Citigroup plans to cut its workforce by more than 50,000 as it struggles to cope with the affects of the global credit crisis.
Citigroup's chief executive Vikram Pandit yesterday told his staff in a Town Hall Meeting in New York, that more than 52,000 people would be losing their jobs, taking Citigroup's total job cuts over the past year to 75,000.
In his presentation, Mr Pandit told staff that Citigroup's target was to cut the headcount from its peak of 375,000 in Q4 2007 to 300,000 in the 'near term' – a cut of 20 per cent.
It is thought that 2,400 of Citigroup's 12,000 London-based employees will be let go.
Following four quarters of consecutive losses and reports that it was unlikely to be in profit again before 2010, the world's biggest bank is making the cuts in an attempt to slash costs by around £6.6billion so that it is "much better positioned to enter 2009 than it was when we entered 2008."
According to the notes from the meeting, Mr Pandit assured staff that "underlying business remains strong, and revenues have been stable."
"We have been very successful at bringing our expenses down. 2009 expenses are targeted to be down almost 20 percent from peak levels.
"We entered 2008 with more people, more businesses and more assets than fit our strategy.

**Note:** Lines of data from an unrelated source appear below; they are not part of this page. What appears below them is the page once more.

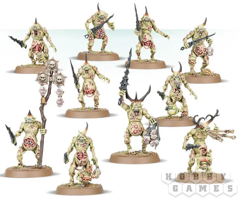 Чумоносцы Нургла - это рядовые воины легионов Нургла. Эти отвратительные Меньшие Демоны были созданы из страдающих душ смертных существ, погибших от жутких болезней, насланных на них Темным Богом. Они вечно несут на себе отпечаток его проказы и неимоверных страданий. Тела Чумоносцев сплошь покрыты отвратительными язвами и наростами, окрашенными в отвратительные зеленые и коричневые тона, а из дыр в их коже сочится темная кровь вперемешку с гноем и червями.
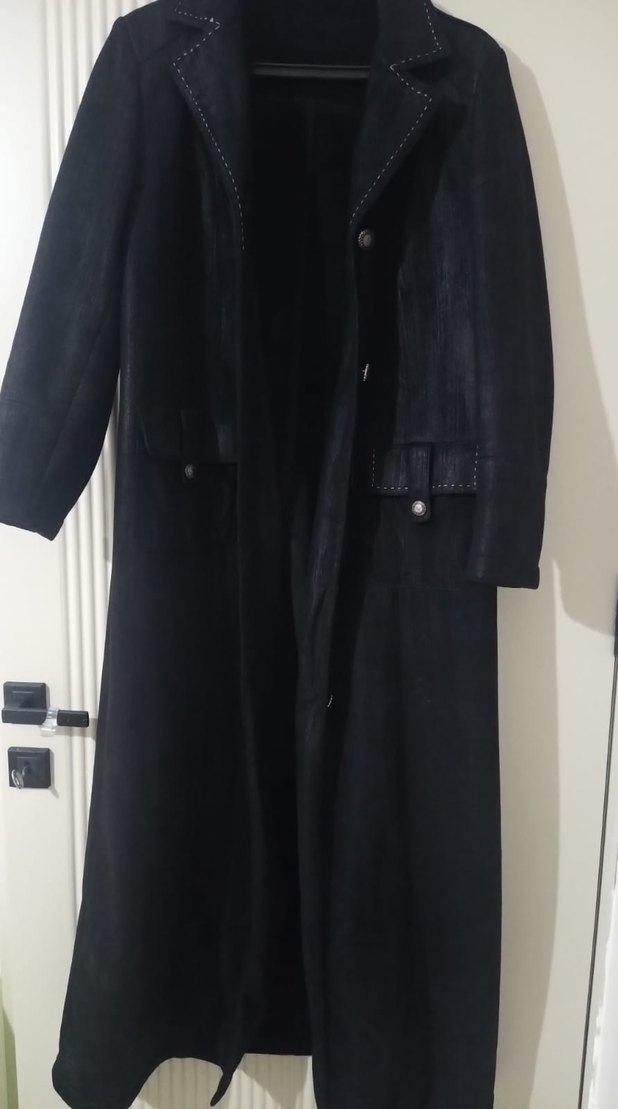 Siyah süet uzun kaban, kesimli yakalı ve düğmeli ön detaylara sahiptir. Regular fit ve uzun kolludur, ofis için uygundur. Goth tarzına sahiptir.
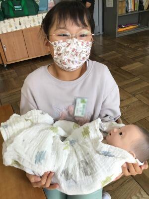 授業の最後に、生まれたばかりの赤ちゃんの重さと同じ重さの人形を抱っこしました。
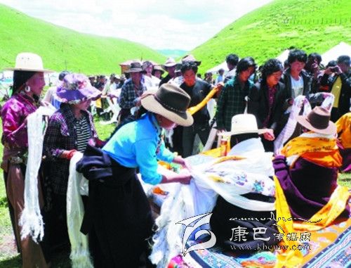 剛走進(jìn)宗塔壩子,記者便意識(shí)到一個(gè)人想象力的貧乏,現(xiàn)實(shí)中的宗塔草原以一種與眾不同的美把一個(gè)人的目光悄悄托起。四周長(zhǎng)滿牧草的小山像溫順的花瓣,靜靜包裹著那一片平坦的壩子,如果一個(gè)人眺望的目光足夠高足夠遠(yuǎn),山和壩子的造型會(huì)讓人聯(lián)想到一朵蓮花,而壩子里小點(diǎn)般的帳篷就像一顆顆蓮子,世世代代的宗塔人便在這蓮花般盛開(kāi)的天地里穿行、繁衍生息。
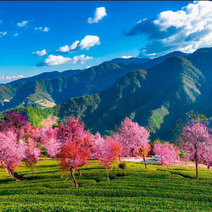今天要早起,欣赏拍摄【无量山樱花谷】走进樱花遍野的无量山茶园,缨花衬着绿茶,星星点点连成片,在阳光的照耀下更加迷眼。樱花散布在低矮的茶丛中,绿的墨绿,红的淡粉,一高一低,层次分明。
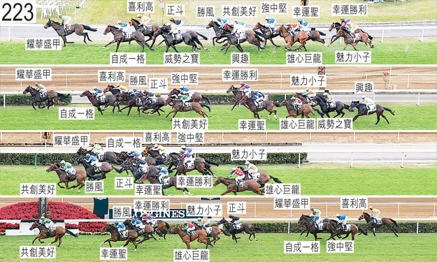 在閘後巡行時,「公平競技」被他駒踢中。獸醫檢查「公平競技」,發現該駒右前腳有一處割傷,因而不適宜出賽。小組按照獸醫意見,著令「公平競技」退出。「公平競技」必須通過獸醫檢驗後,才可再次出賽。 「幸運勝利」入閘困難。「幸運勝利」必須經閘廂測試及格後,才可再次出賽。 「勝風」出閘緩慢。 「強中堅」、「幸運勝利」及「幸運聖」自外檔起步後不久均在馬群後面切入。 轉直路彎時,「勝風」與「正斗」緊迫競跑。 同樣在轉直路彎時,「雄心巨龍」被「興趣」帶出更外疊,當時「興趣」被「威勢之寶」帶向外跑,而「威勢之寶」則正在墮退。 過了二百米處後在一段途程上,「強中堅」受困而未能望空。 在直路上,「幸運勝利」內閃及難以催策。 「威勢之寶」沿途在外疊沒有遮擋下競跑,直路上墮退。「威勢之寶」大敗而回,小組認為該駒的表現難以接受。「威勢之寶」必須試閘及格,並且通過獸醫檢驗後,才可再次出賽。 被查詢時,李寶利表示,由於「耀華盛甲」是匹均速馬,覺得居於前列有利牠發揮,因此賽前他獲指示盡可能將坐騎置於領放馬後面競跑。他說,在早段他打算將「耀華盛甲」向內移入至「自成一格」後面,佔取有遮擋的位置,然而,當他嘗試收慢「耀華盛甲」以佔取此位置時,「正斗」推進至其內側,令他居於領先馬匹外側沒有遮擋的第三疊位置。他說,因此他選擇推進至內欄領放位置,而非繼續在沒有遮擋下走外疊。賽後獸醫立即檢查「耀華盛甲」,並無發現任何明顯異常之處。 「興趣」於轉直路彎時被收慢。賽後獸醫立即檢查「興趣」,發現該駒心律不正常。「興趣」必須試閘及格,並且通過獸醫檢驗後,才可再次出賽。 「共創美好」及「幸運聖」均須抽取樣本檢驗。

We expect near-term headcount to be down 20 percent in order to run the company in the right way."
The notes continue: "We have significantly reduced our risky assets while putting the company in a very strong capital position.
"We have spent the last year "getting fit", are more streamlined, and are in a strong competitive position to take advantage of future opportunities. We will be the long term winner in this industry.
"It may take sometime to get out of this recession. But when the global economy emerges, Citigroup is there more so than any other international bank."